It has always been hard nearly impossible for me to trust others with caring for Wesley.  First, he was born at 29 weeks gestation which caused me to have some serious anxiety about how my child was taken care of and who was taking care of him.  Wesley was in the NICU for 8 weeks.  It was so hard to leave the hospital every day and let strangers that I barely knew take care of my new baby.  In the pregnancy books, I always skipped over the “premature baby” parts because I never thought it would happen to me.  Welp, I should have read those chapters because I was completely in the dark about what was going on.  In the NICU, I could only hold him at certain scheduled times of the day.  Some of the nurses would let me hold him when I wanted to, then others acted like he belonged to them and wouldn’t even let me touch him.  We brawled!  I was always unsure if my instinct was right or if the nurses were right.  They all had their own standards on what they thought was the right thing to do… By the time I left the hospital, I learned to trust my own instinct, and to this day I am positive that even if you are a first time mommy, you know what is best for your baby.  No one else does.  Ask questions when you are unsure, but you know what is best.

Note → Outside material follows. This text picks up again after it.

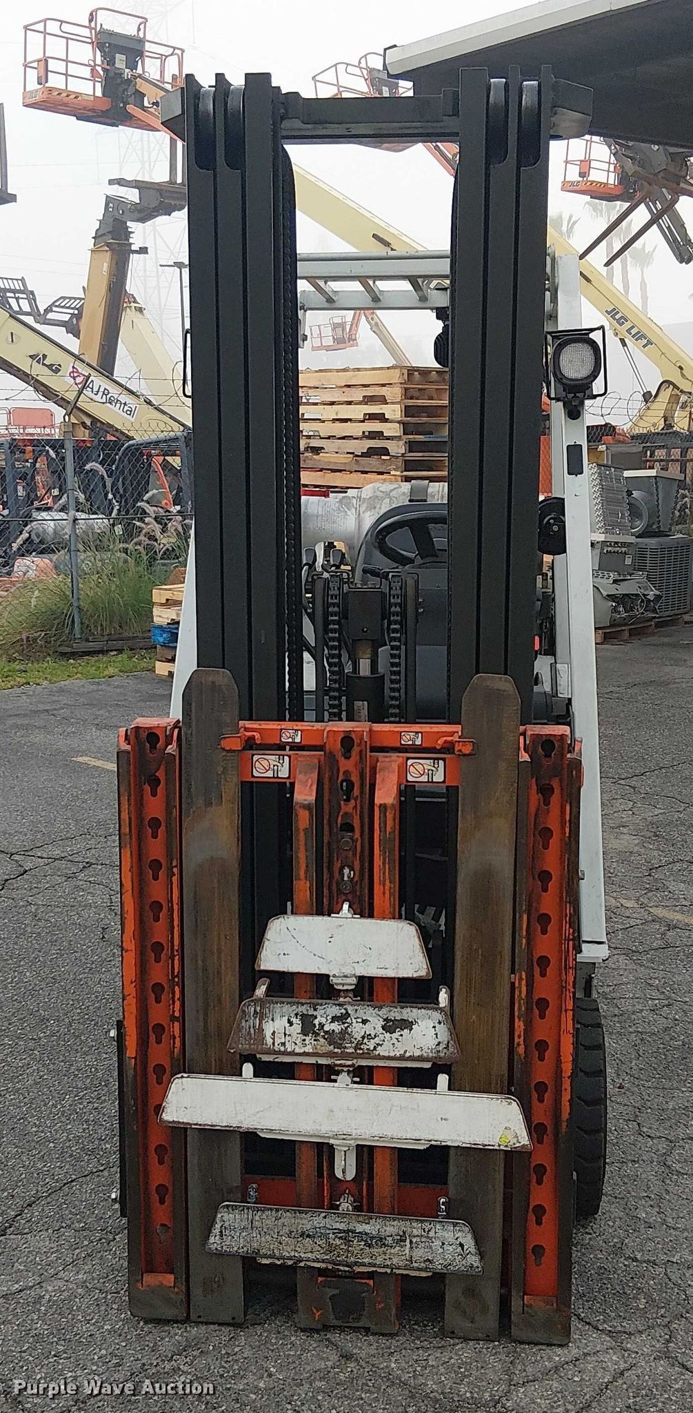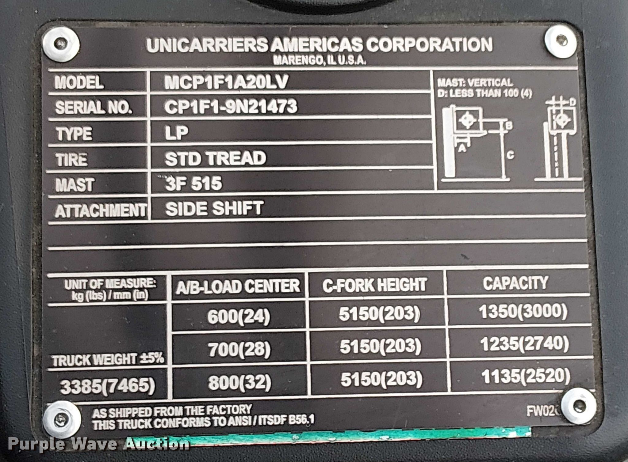 2017 UniCarriers CFS40 forklift. Hours: 1,087 on meter, Miles or hours may vary, unit still in use, Serial: CP1F1-9N21473, Unit #: SFS2807. Engine GCT K21L, Displacement: 2.1L, Cylinders: 4, Fuel type: LPG LP bottle: Not included. Transmission Automatic. Operators station OROPS. Features Maximum lift capacity: 3,000 lbs, Maximum lift height: 203", Collapsed mast height: 88", Mast stages: 3, Side shift, Mast tilt, Fork length: 48". Tires Front: 18x6x12 1/8, Rear: 14x5x10, Solid. Notes Warning indicator: Master warning. Ferguson. Azusa, CA 91702

So, when we came home from the hospital, I was a mean mamma lion.  I was very protective of my little man.  He still had a very low immune system since he was born so early.  The doctors emphasized that he shouldn’t be out in public for several months, that he shouldn’t be around anyone who was sick including myself or my husband.  It could kill him if he caught a cold because his lungs were still developing.  RSV was a huge concern.  I wouldn’t even let his grandparents come see him for weeks after he came home.  I was so scared that my baby could get sick and die.

Just when I started getting comfortable that he was old enough to get sick was when we discovered his food allergies.  That was when I decided that he probably wouldn’t go to public school.  Just about every week I read an experience where someone at school gave a food allergic kid something that seemed fine and the child ate it and died.  I decided that I would either home school him or be a full time volunteer at his school.  How could I yet again trust a person that I don’t know to care for my child along with 20 other children and make sure he didn’t get something with milk, soy or egg in it?  Even I have made mistakes.  One of my mistakes caused me to have to pull out the Epi Pen and use it.  Brad has made mistakes.  Other family members have made mistakes.  And we all well know what can happen if we make a mistake.  What about someone who doesn’t love Wesley the way we do?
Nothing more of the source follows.